Wood's first year of professional baseball went even better than expected. He started his career where most high school prospects begin, at the lowest level of the Minor Leagues. He made seven starts in the summer of 2005 with the Gulf Coast League Reds and allowed a total of two earned runs. That performance earned him a quick promotion to Billings, where he would pitch against mostly hitters from the college ranks. Wood again was dominant. In 24 innings with Billings, he allowed just five earned runs. His overall numbers in his first summer of professional baseball in 2005 featured a 2-0 record and a 1.31 earned run average.

Wood's outstanding first half-season in the Reds organization earned him a spot on the Dragons roster in 2006 as a 19-year-old. He was given the honor of being the Dragons opening night starting pitcher as part of a starting rotation that also included future Major Leaguers Johnny Cueto, Carlos Fisher, and Jeff Stevens.

Wood's first start with the Dragons resulted in a no-decision, but his second start was an indication of things to come. He struck out 10 Lansing batters in just five shutout innings, walking only one and allowing only four hits to earn his first Midwest League win. By the end of June, Wood was 6-0, holding opposing batters to a sub-.200 average, and averaging over a strikeout an inning.

Wood made 27 starts for the Dragons in 2006 to tie the club record that has not been matched since that season. He finished the year with a 10-5 record and a 3.66 ERA. Opposing batters hit a combined .215 against Wood. He finished strong, allowing just one run over his last 20 innings. It was an excellent year.

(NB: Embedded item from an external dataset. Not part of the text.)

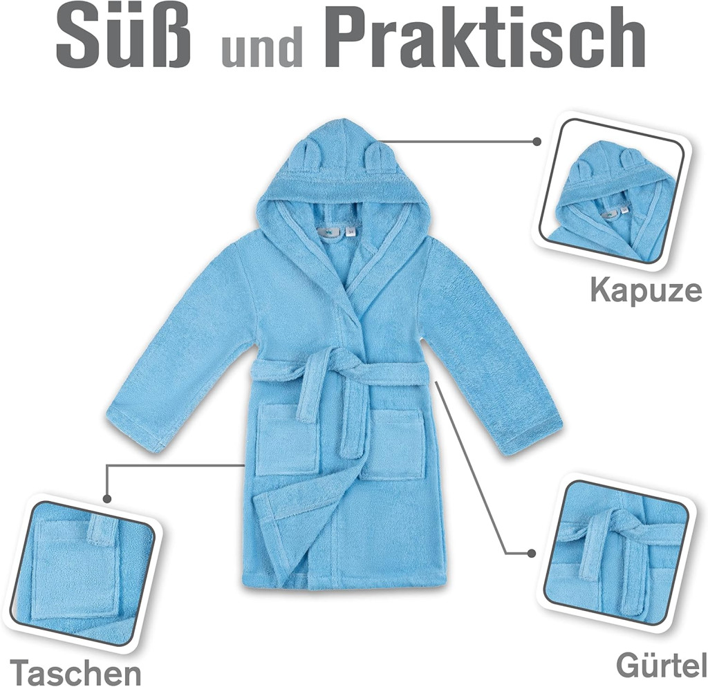 Hanoracul de baie pentru copii Twinzen este prima alegere a părinților care caută cea mai bună calitate și siguranță. Cu certificare Oeko-Tex®, este garantat fără substanțe chimice, iar materialul 100% bumbac este moale și confortabil. Designul atent, care include gluga cu urechi și buzunarele practice, asigură că copilul nu numai că va fi în siguranță și confortabil, ci se va și distra. Materialul durabil și îngrijirea ușoară înseamnă că acest halat de baie va dura mulți ani, chiar și pentru mai mulți copii.

In 2007, Wood battled shoulder problems that limited him to just 12 starts at Sarasota. His 2008 season again brought frustration as he struggled with the jump to Double-A and dropped completely off the Baseball America list of top-30 prospects in the Reds organization. Heading into 2009, Wood needed a big season to get back on track, and he delivered.

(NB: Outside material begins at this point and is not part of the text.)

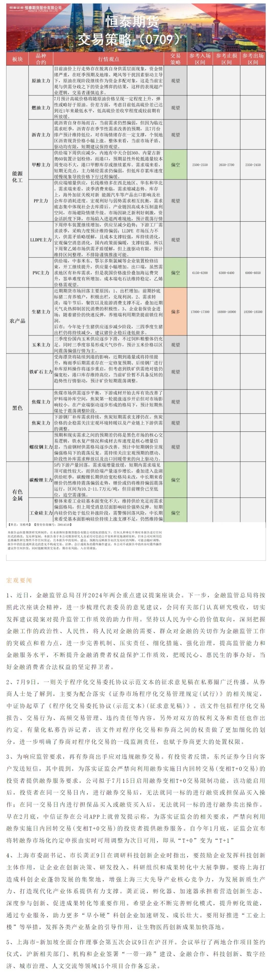 标题:【恒泰早报】7月10日恒泰期货交易策略

Wood spent most of the 2009 season with Double-A Carolina and put up one of the finest seasons in recent Southern League history. In 19 starts, he allowed a total of 16 earned runs to win the league ERA title with an eye-popping, Gibson-like mark of 1.21. He earned Reds Minor League Pitcher of the Year, Southern League Pitcher of the Year, and Minor League Baseball's Class-AA Starting Pitcher of the Year. He also made eight effective Triple-A starts with Louisville to close out the season, running his final record for the year to 13-5. Baseball America jumped Wood back onto the prospect list, placing him at #7 in the Reds organization, the #2 pitching prospect.

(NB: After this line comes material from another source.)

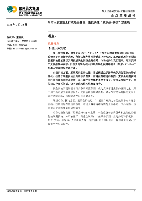 【英大证券】【202602】后市A股震荡上行或是主基调,逢低关注“资源品+科技”双主线-4页

Wood spent the first three months of the 2010 season with Louisville before being called up to the Reds for his Major League debut on July 1. In Wood's third career start on July 10 against Philadelphia, he took a perfect game into the ninth inning. At the time, the Reds had gone 22 years since their last no-hitter and had recorded only one perfect game in franchise history. Wood allowed a lead-off double to start the ninth to Carlos Ruiz to break up the perfect game, and that was the only base runner against him over nine shutout innings as Wood struck out eight. However, the game went to extra innings as a 0-0 dogfight, so Wood came away with no decision in what would surely rank as one of the finest pitching performances by a Reds starter in the last 20 years.

Wood finished the 2010 season with a 5-4 record and a 3.51 ERA in 17 starts for the Reds as he emerged as one of the top rookie pitchers in the National League. He also threw three and one-third scoreless innings in the playoffs.

Wood battled inconsistency during the 2011 season and spent some time back in the Minor Leagues. He went 6-6 with the Reds with a 4.84 ERA. Following the season, Wood was a key piece in a four-player trade with the Cubs that brought relief pitcher Sean Marshall to Cincinnati. Former Dragons Dave Sappelt and Ronald Torreyes also went to Chicago in the trade. Wood made 26 starts for the Cubs in 2012, pitching for a team that lost 101 games. Wood went 6-13 with a 4.27 ERA.

Wood is still just 26 years old and capable of a long and rewarding Major League career. He was part of a memorable 2006 Dragons team that featured 10 future big leaguers, including Bruce, Cueto, Fisher, Paul Janish, and Logan Ondrusek. Travis Wood was the 44th Dragons player to reach the Majors.